[Start of section]

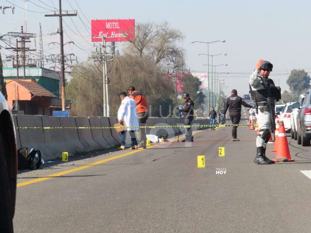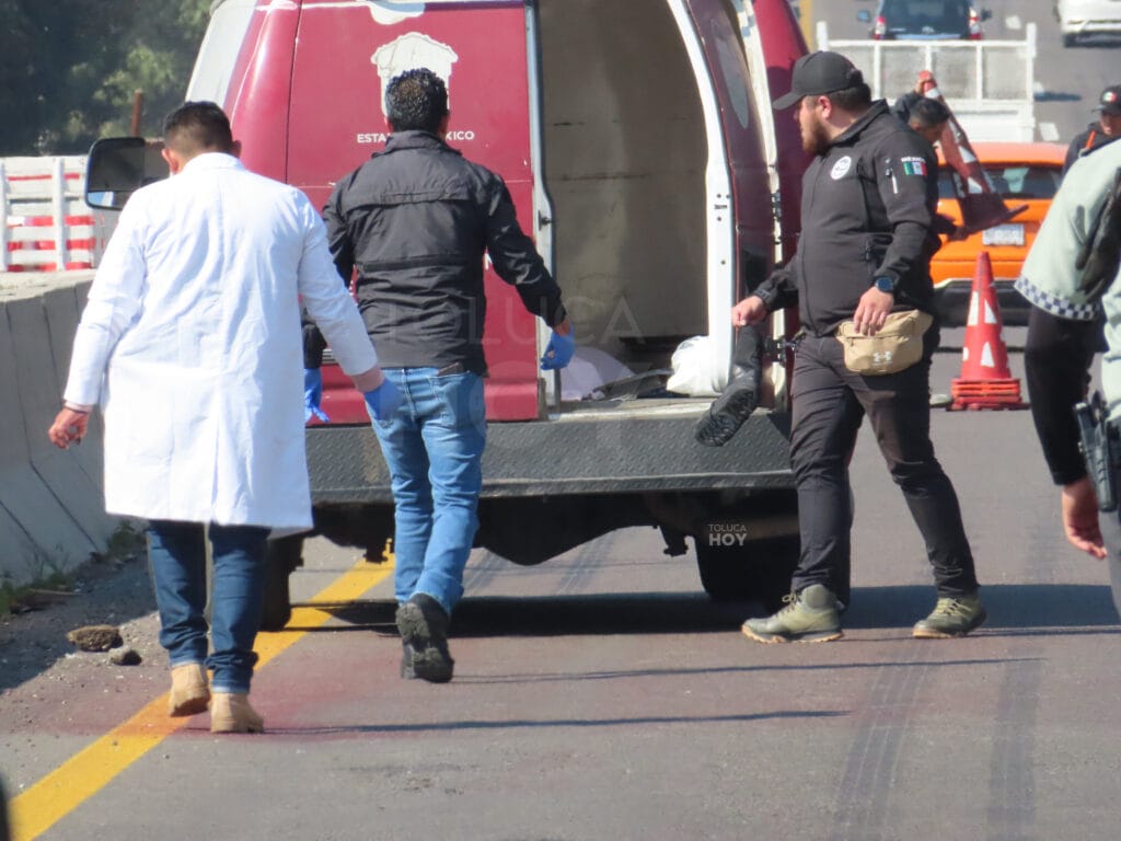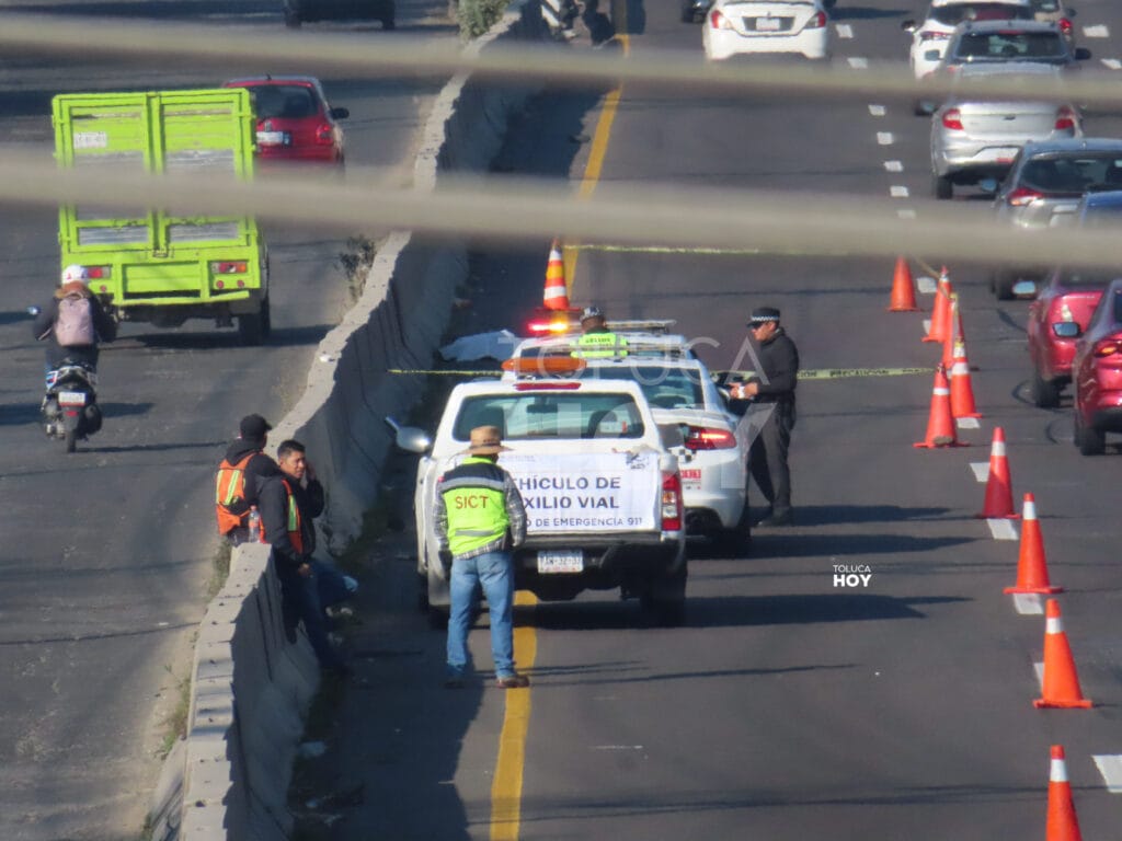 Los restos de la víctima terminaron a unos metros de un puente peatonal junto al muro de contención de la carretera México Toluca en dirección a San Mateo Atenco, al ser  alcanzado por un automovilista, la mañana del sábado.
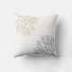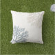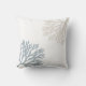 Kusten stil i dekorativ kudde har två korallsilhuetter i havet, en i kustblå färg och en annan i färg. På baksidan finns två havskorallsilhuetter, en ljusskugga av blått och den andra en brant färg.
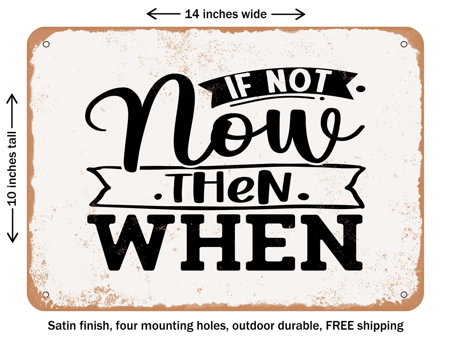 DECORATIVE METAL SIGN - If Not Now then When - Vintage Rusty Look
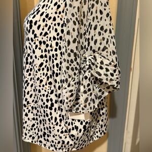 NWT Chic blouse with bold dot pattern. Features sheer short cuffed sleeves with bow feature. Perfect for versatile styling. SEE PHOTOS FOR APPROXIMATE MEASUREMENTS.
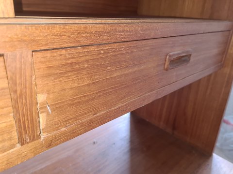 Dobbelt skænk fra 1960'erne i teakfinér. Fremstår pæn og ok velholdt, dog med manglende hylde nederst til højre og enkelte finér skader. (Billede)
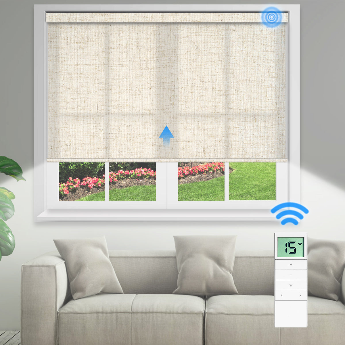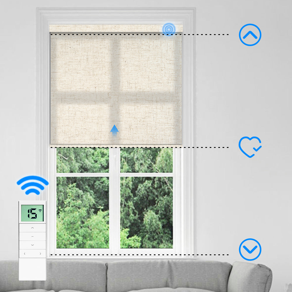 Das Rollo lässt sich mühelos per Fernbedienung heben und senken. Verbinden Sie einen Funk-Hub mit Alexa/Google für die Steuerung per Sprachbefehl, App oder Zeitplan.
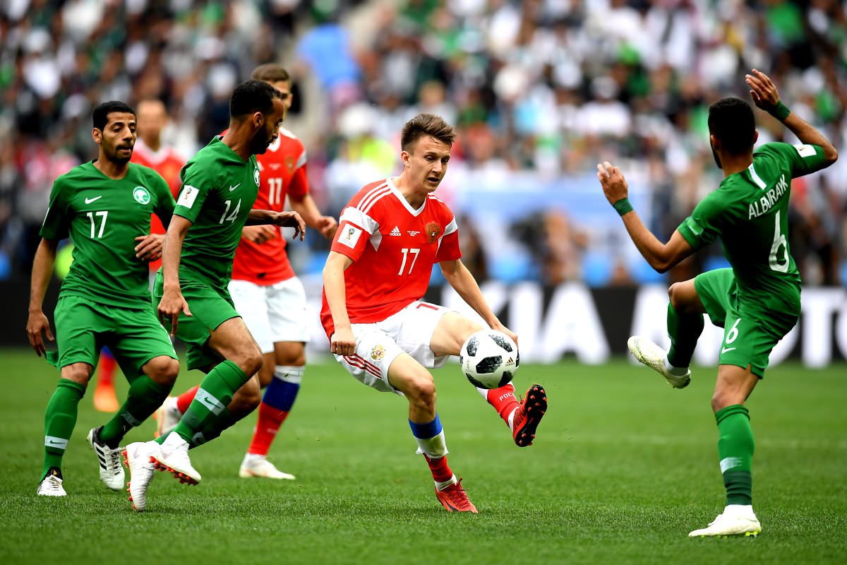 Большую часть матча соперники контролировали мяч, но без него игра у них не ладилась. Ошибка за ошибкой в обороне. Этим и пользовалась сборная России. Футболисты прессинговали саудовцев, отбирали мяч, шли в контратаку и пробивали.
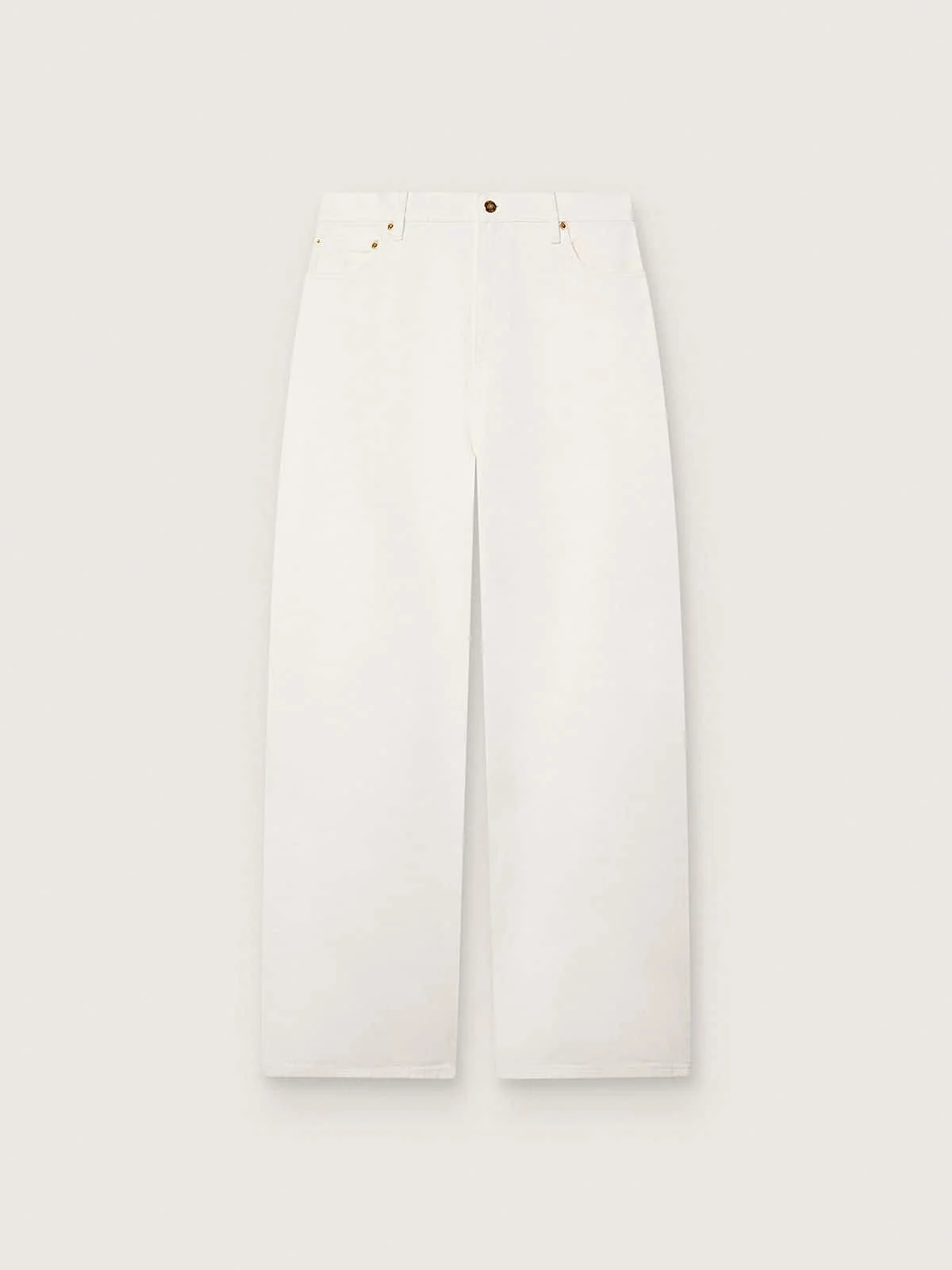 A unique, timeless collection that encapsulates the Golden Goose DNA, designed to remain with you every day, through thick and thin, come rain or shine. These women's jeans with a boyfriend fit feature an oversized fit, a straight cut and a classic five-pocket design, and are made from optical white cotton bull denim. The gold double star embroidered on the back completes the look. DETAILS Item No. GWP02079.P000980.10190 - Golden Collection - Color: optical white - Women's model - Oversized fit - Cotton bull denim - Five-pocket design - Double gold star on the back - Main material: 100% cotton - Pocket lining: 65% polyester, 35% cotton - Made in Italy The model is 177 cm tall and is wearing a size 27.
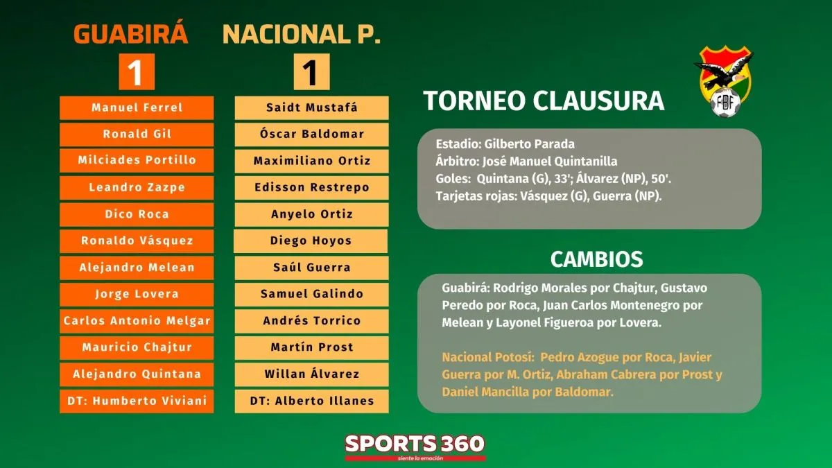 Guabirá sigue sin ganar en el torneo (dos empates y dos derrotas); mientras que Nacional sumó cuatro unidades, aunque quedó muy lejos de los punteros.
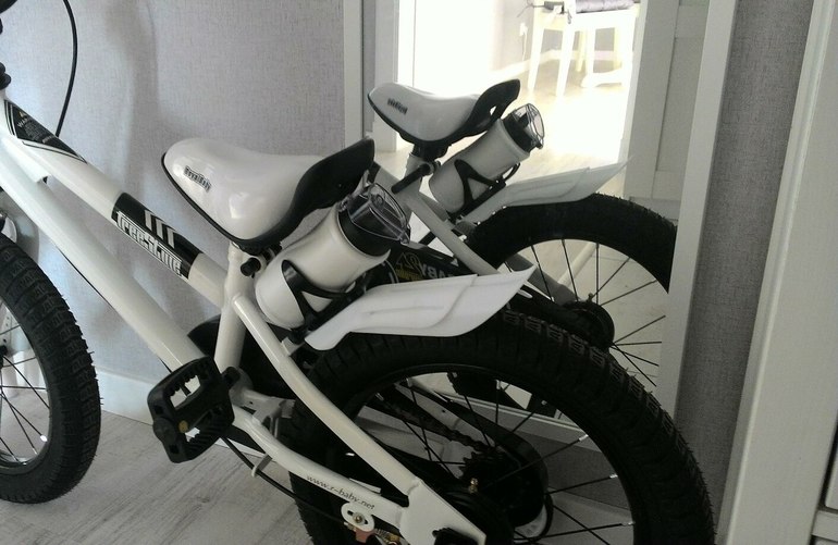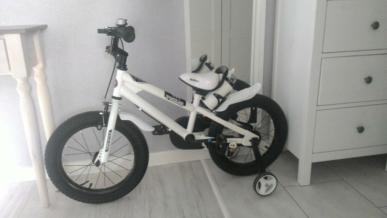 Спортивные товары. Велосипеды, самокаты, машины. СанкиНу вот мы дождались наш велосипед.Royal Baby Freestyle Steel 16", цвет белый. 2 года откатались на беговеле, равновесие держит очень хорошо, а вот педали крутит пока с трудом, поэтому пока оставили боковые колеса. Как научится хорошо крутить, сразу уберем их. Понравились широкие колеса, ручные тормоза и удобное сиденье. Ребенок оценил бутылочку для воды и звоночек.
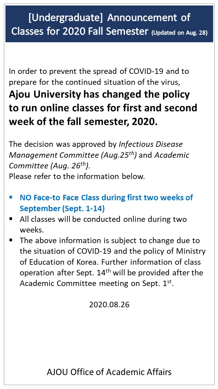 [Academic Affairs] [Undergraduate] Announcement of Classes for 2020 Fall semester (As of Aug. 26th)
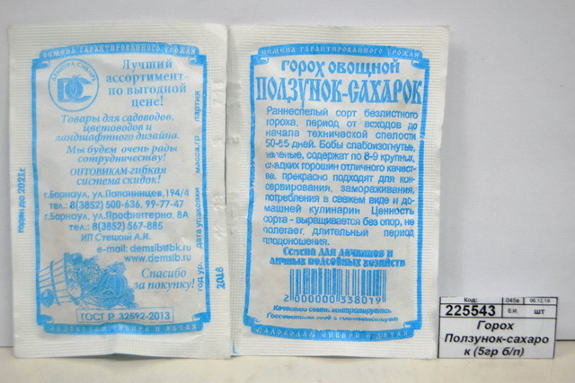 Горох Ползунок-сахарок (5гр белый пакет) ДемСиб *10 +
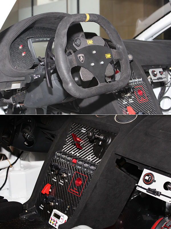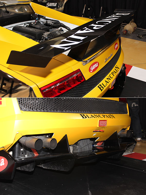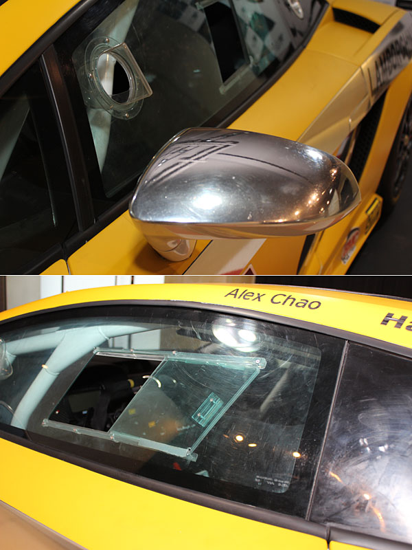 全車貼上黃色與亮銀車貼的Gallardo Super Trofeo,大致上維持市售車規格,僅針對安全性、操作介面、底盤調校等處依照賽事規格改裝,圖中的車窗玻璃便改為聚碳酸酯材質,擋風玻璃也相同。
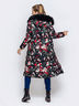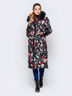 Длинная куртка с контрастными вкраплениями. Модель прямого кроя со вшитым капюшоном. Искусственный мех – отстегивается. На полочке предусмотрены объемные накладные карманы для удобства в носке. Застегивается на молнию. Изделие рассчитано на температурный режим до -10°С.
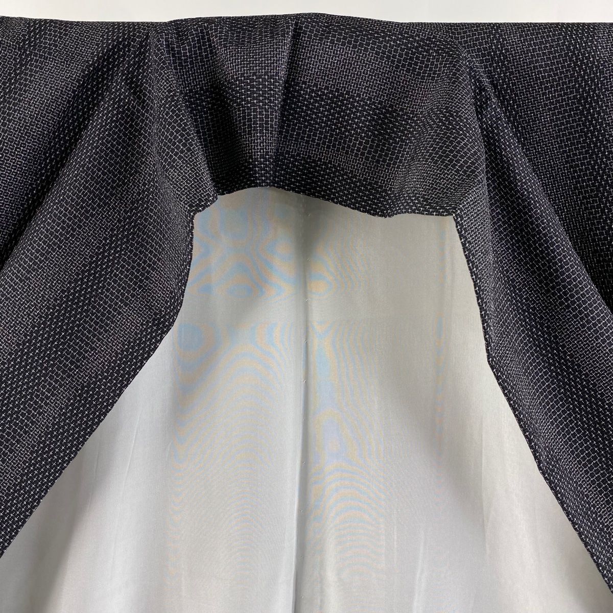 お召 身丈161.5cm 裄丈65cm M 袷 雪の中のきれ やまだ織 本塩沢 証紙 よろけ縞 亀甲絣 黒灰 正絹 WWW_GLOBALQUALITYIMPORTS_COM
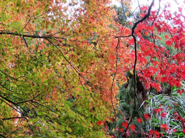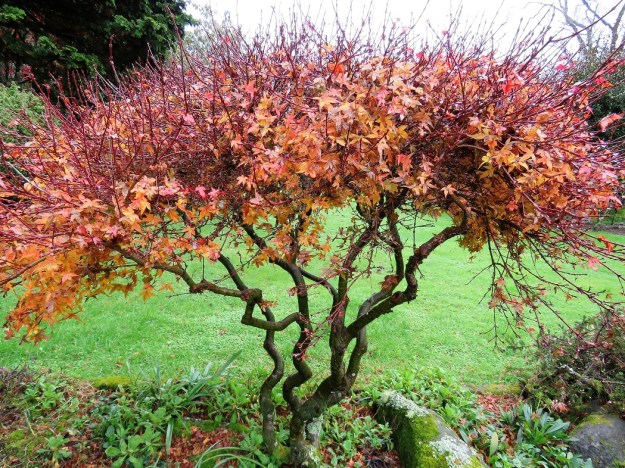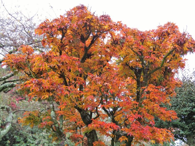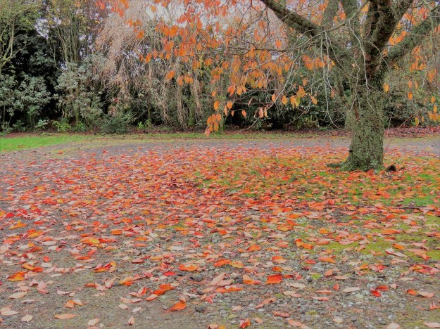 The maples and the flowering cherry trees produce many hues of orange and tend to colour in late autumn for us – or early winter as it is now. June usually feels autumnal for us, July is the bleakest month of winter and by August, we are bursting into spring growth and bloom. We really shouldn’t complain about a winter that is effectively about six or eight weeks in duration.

[End of section]

__EXERCISE PROMPT__.
Give back the material exactly as written, images excluded.

__EXERCISE OUTPUT__.
 Los restos de la víctima terminaron a unos metros de un puente peatonal junto al muro de contención de la carretera México Toluca en dirección a San Mateo Atenco, al ser  alcanzado por un automovilista, la mañana del sábado.
 Kusten stil i dekorativ kudde har två korallsilhuetter i havet, en i kustblå färg och en annan i färg. På baksidan finns två havskorallsilhuetter, en ljusskugga av blått och den andra en brant färg.
 DECORATIVE METAL SIGN - If Not Now then When - Vintage Rusty Look
 NWT Chic blouse with bold dot pattern. Features sheer short cuffed sleeves with bow feature. Perfect for versatile styling. SEE PHOTOS FOR APPROXIMATE MEASUREMENTS.
 Dobbelt skænk fra 1960'erne i teakfinér. Fremstår pæn og ok velholdt, dog med manglende hylde nederst til højre og enkelte finér skader. (Billede)
 Das Rollo lässt sich mühelos per Fernbedienung heben und senken. Verbinden Sie einen Funk-Hub mit Alexa/Google für die Steuerung per Sprachbefehl, App oder Zeitplan.
 Большую часть матча соперники контролировали мяч, но без него игра у них не ладилась. Ошибка за ошибкой в обороне. Этим и пользовалась сборная России. Футболисты прессинговали саудовцев, отбирали мяч, шли в контратаку и пробивали.
 A unique, timeless collection that encapsulates the Golden Goose DNA, designed to remain with you every day, through thick and thin, come rain or shine. These women's jeans with a boyfriend fit feature an oversized fit, a straight cut and a classic five-pocket design, and are made from optical white cotton bull denim. The gold double star embroidered on the back completes the look. DETAILS Item No. GWP02079.P000980.10190 - Golden Collection - Color: optical white - Women's model - Oversized fit - Cotton bull denim - Five-pocket design - Double gold star on the back - Main material: 100% cotton - Pocket lining: 65% polyester, 35% cotton - Made in Italy The model is 177 cm tall and is wearing a size 27.
 Guabirá sigue sin ganar en el torneo (dos empates y dos derrotas); mientras que Nacional sumó cuatro unidades, aunque quedó muy lejos de los punteros.
 Спортивные товары. Велосипеды, самокаты, машины. СанкиНу вот мы дождались наш велосипед.Royal Baby Freestyle Steel 16", цвет белый. 2 года откатались на беговеле, равновесие держит очень хорошо, а вот педали крутит пока с трудом, поэтому пока оставили боковые колеса. Как научится хорошо крутить, сразу уберем их. Понравились широкие колеса, ручные тормоза и удобное сиденье. Ребенок оценил бутылочку для воды и звоночек.
 [Academic Affairs] [Undergraduate] Announcement of Classes for 2020 Fall semester (As of Aug. 26th)
 Горох Ползунок-сахарок (5гр белый пакет) ДемСиб *10 +
 全車貼上黃色與亮銀車貼的Gallardo Super Trofeo,大致上維持市售車規格,僅針對安全性、操作介面、底盤調校等處依照賽事規格改裝,圖中的車窗玻璃便改為聚碳酸酯材質,擋風玻璃也相同。
 Длинная куртка с контрастными вкраплениями. Модель прямого кроя со вшитым капюшоном. Искусственный мех – отстегивается. На полочке предусмотрены объемные накладные карманы для удобства в носке. Застегивается на молнию. Изделие рассчитано на температурный режим до -10°С.
 お召 身丈161.5cm 裄丈65cm M 袷 雪の中のきれ やまだ織 本塩沢 証紙 よろけ縞 亀甲絣 黒灰 正絹 WWW_GLOBALQUALITYIMPORTS_COM
 The maples and the flowering cherry trees produce many hues of orange and tend to colour in late autumn for us – or early winter as it is now. June usually feels autumnal for us, July is the bleakest month of winter and by August, we are bursting into spring growth and bloom. We really shouldn’t complain about a winter that is effectively about six or eight weeks in duration.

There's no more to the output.